6. FCDC and BCM — the watcher and the last yaw resort
6.1 FCDC — data only
Per FCOM DSC-27-10-10:
The FCDCs acquire data from the PRIMs and SECs and send this data to the EIS and CMC.
The FCDCs touch no surface. They take data from the commanding computers and forward it to the displays (EIS) and the central maintenance computer (CMC). Both FCDCs failed = degraded indication and reporting, not degraded control — the aircraft still flies on PRIM/SEC. FCOM also flags a well-known nuisance message. Per FCOM DSC-27-10-10:
On ground, a spurious "RUD TRV LIM" could be displayed on INOP SYS ECAM status page, in case of one FCDC does not detect its ground condition. This message will disappear as soon as the rudder control is pressurized by hydraulic.

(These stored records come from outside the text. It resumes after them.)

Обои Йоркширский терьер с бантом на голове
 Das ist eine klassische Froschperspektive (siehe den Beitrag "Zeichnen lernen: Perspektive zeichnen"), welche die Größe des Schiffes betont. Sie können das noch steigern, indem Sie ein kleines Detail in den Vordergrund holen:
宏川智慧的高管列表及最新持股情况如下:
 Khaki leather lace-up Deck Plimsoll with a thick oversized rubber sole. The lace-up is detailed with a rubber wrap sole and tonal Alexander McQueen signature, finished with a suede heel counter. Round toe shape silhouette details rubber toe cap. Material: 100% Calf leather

Remember the pattern: a cold-and-dark ground state can show a spurious RUD TRV LIM, which clears once the rudder control is hydraulically pressurised. Detail in FCDC.
6.2 BCM — yaw when everything else is gone
Per FCOM DSC-27-10-10:
The BCM computer provides yaw damping, and direct rudder command with pedals, via an independent unit, in case of: Total electrical failure, or Loss of rudder control due to a Flight Control Computer (PRIM and SEC) failure. It includes: Its own electrical generator, referred to as the Backup Power Supply (BPS), which is supplied by the B or Y hydraulic system; Its own sensors (gyrometers and pedals deflection); Control of the B and Y hydraulic actuators. When activated, as in yaw alternate law, there is no turn coordination.

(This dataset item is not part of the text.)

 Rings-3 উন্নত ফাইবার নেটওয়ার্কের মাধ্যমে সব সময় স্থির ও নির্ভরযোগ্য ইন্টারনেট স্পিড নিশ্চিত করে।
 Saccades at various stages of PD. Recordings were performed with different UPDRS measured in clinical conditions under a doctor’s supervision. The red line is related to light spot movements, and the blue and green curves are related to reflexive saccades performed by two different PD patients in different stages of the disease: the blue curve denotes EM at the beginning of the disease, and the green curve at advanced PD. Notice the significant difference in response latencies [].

The BCM is the last electrical path for yaw. When all flight control computers are lost, or the aircraft loses all electrical power, the BCM generates its own power (the BPS, driven by the Blue or Yellow hydraulic system), uses its own gyrometers and pedal-deflection sensors, and gives the pilot direct pedal-to-rudder control through the B and Y rudder actuators. There is no turn coordination in this mode — yaw is whatever you put in with the pedals.
Note the division of "last resorts" across the axes:
| Axis | Last resort | Power for it |
|---|---|---|
| Pitch | Mechanical — the THS manual trim wheel | none required (mechanical run) |
| Yaw | BCM — direct pedal-to-rudder | self-generated BPS from B/Y hydraulic |
| Roll | (no dedicated last resort) | covered earlier by aileron/spoiler hydraulic redundancy |
Detail in Mechanical Back-up and BCM and Electrical Back-up BCM/BPS.
7. The control laws — a ladder that always catches you
Tie §§1–6 together and the EFCS has a health spectrum: the more that fails, the further the law steps down, the fewer the protections, and the closer the handling gets to a bare aircraft.
Normal Law ──┬─ full protections ────────────────► normal flying
(healthy) │
▼ loss of key sensors / computers / hydraulic combinations
Alternate Law (ALT1 / ALT2) ── reduced protections ─► still well-behaved
▼ further failures
Direct Law ── stick-to-surface, no protection, "USE MAN PITCH TRIM" ─► like a bare aircraft
▼ all flight control computers lost / total electrical loss
Mechanical Back-Up ── pitch = THS trim wheel · yaw = BCM ─► survival fallback
Two anchors for the bottom of the ladder:
- In Direct Law, autotrim is gone, so the crew trims pitch manually with the wheel. Per FCOM, when only the mechanical back-up remains the PFD shows the cue in red. Per FCOM DSC-27-20-20-50: the mechanical back-up is available, by using the manual pitch trim (THS). "MAN PITCH TRIM ONLY" is displayed in red on the PFDs.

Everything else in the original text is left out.